Der FDP-Fraktionsvorsitzende im badeb-württembergischen Landtag Rülke (Foto: dpa Bildfunk, picture alliance/Fabian Albrecht/dpa)
FDP-Fraktionschef Hans-Ulrich Rülke: "Auf fünf weitere Jahre Kretschmann kann sich niemand verlassen." picture alliance/Fabian Albrecht/dpa

Der FDP-Fraktionsvorsitzende im Landtag, Hans-Ulrich Rülke, steht Kretschmanns Absicht, für fünf weitere Jahre zu amtieren, skeptisch gegenüber. Das bedeute, dass er am Ende einer weiteren vollen Amtszeit 78 Jahre alt sei. "Ich zweifle, dass er das wirklich so lange bleibt. Auf fünf weitere Jahre Kretschmann kann sich niemand verlassen", so Rülke. Die Herausforderungen in Bildung, Wirtschaft und Infrastruktur bräuchten Willensstärke und Kontinuität. Kretschmann könne das nicht garantieren.

Freude bei den Grünen

Die Grünen in Baden-Württemberg freuen sich über Kretschmanns Entscheidung. "In Zeiten tiefer Umbrüche wollen wir das Vertrauen der Menschen in unsere Demokratie und den gesellschaftlichen Zusammenhalt stärken. Wir freuen uns, dass wir das weiter gemeinsam mit Winfried Kretschmann tun", sagte der Landesvorsitzende der Grünen, Oliver Hildenbrand.

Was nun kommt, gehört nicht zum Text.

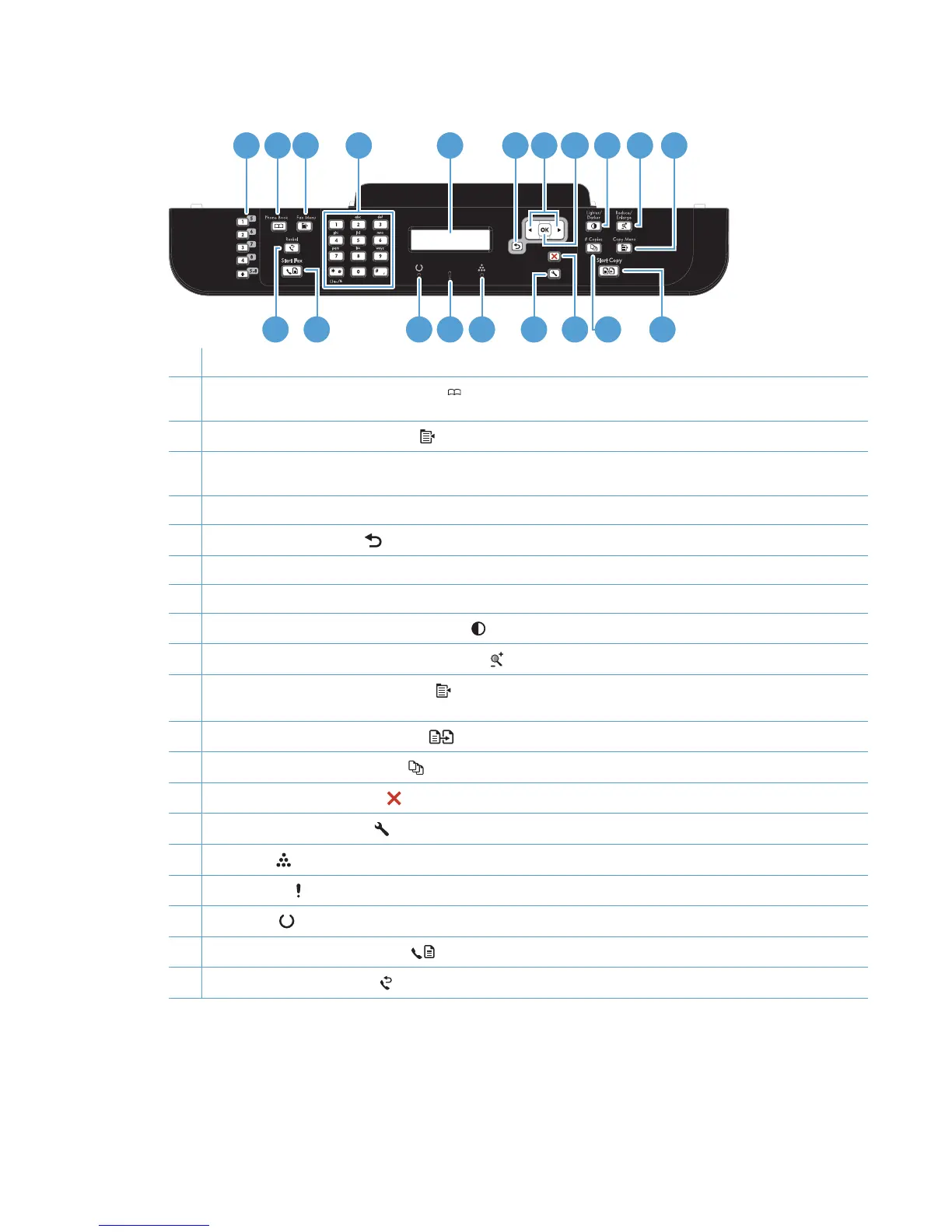 16 Toner light . This light indicates that the print cartridge toner level is low.

Auch die Grünen auf Bundesebene fassten die Kandidatur positiv auf. Zuspruch kam etwa von Cem Özdemir. "Ein guter Tag für uns im Ländle", twitterte der Bundestagsabgeordnete (Wahlkreis Stuttgart).

Lieber Winfried, mit Dir ist Baden-Württemberg ökologischer, sozialer und weltoffener geworden. Du bist Deutschlands beliebtester Ministerpräsident. Super, dass Du weitermachen willst! Ein guter Tag für unser Ländle. #Kretschmann

Auch Grünen-Spitze steht hinter Kretschmann

Die Bundesvorsitzenden Annalena Baerbock und Robert Habeck betonten, Kretschmann schaffe es, Bindekraft für die breite Gesellschaft zu entfalten. "Gerade in Zeiten, in denen nationalistische und populistische Tendenzen in ganz Deutschland einen Aufschwung erfahren, schafft er mit seinem klaren Wertekompass Orientierung und Halt."

Die Grünen-Fraktionsvorsitzende im Bundestag, Katrin Göring-Eckardt, findet: "Winfried Kretschmann und Baden-Württemberg - das passt. Jetzt heißt es: Aller guten Dinge sind drei!"